About this exercise - Retype all of the listing exactly, passing over any picture you find.

Dataset section -
[Start of Attachment]

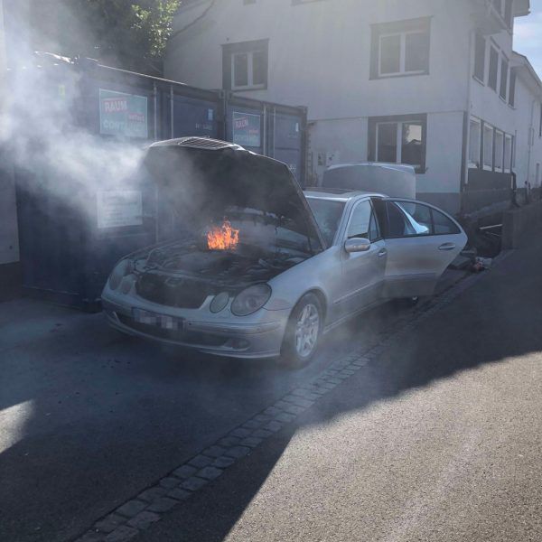 Am Dienstagnachmittag ist einer Patrouille der Kantonspolizei St. Gallen in St. Margrethen (CH) ein brennendes Auto aufgefallen. Die Beamten konnten mit einem Feuerlöscher den Brand bereits leicht eindämmen. Die anschließend eintreffende Feuerwehr brachte das Feuer schließlich ganz unter Kontrolle.
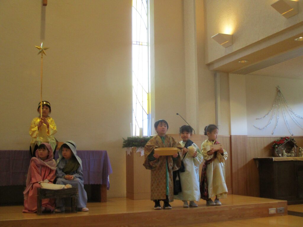 メリークリスマス!幼稚園では一足早くクリスマス礼拝でクリスマスページェントを行いました。幼稚園のこどもたちみんながそれぞれのお役になってイエス様のお誕生をおいわいしました。今日はクリスマスイブ。それぞれのご家庭であたたかなクリスマスをお迎えください。
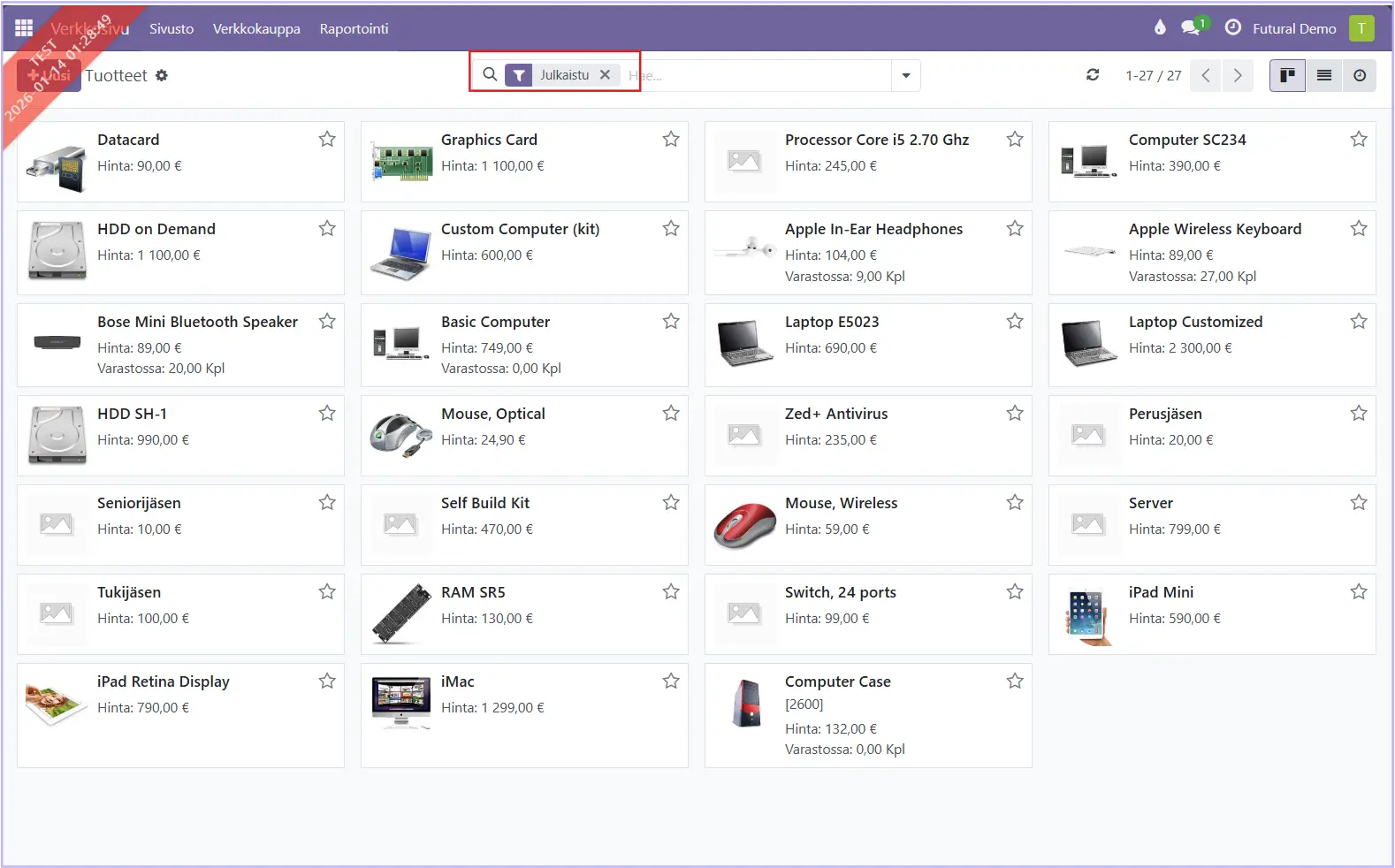 Tässä on automaattisesti suodattimeksi asetettu Julkaistu. Poistamalla suotimen saat näkyville kaikki järjestelmään luodut tuotteet. Voit myös vaihtaa suotimeksi Julkaisematon (Is published = False), jolloin saat näkymään vain julkaisemattomat tuotteet.

[End of Attachment]

Exercise answer -
 Am Dienstagnachmittag ist einer Patrouille der Kantonspolizei St. Gallen in St. Margrethen (CH) ein brennendes Auto aufgefallen. Die Beamten konnten mit einem Feuerlöscher den Brand bereits leicht eindämmen. Die anschließend eintreffende Feuerwehr brachte das Feuer schließlich ganz unter Kontrolle.
 メリークリスマス!幼稚園では一足早くクリスマス礼拝でクリスマスページェントを行いました。幼稚園のこどもたちみんながそれぞれのお役になってイエス様のお誕生をおいわいしました。今日はクリスマスイブ。それぞれのご家庭であたたかなクリスマスをお迎えください。
 Tässä on automaattisesti suodattimeksi asetettu Julkaistu. Poistamalla suotimen saat näkyville kaikki järjestelmään luodut tuotteet. Voit myös vaihtaa suotimeksi Julkaisematon (Is published = False), jolloin saat näkymään vain julkaisemattomat tuotteet.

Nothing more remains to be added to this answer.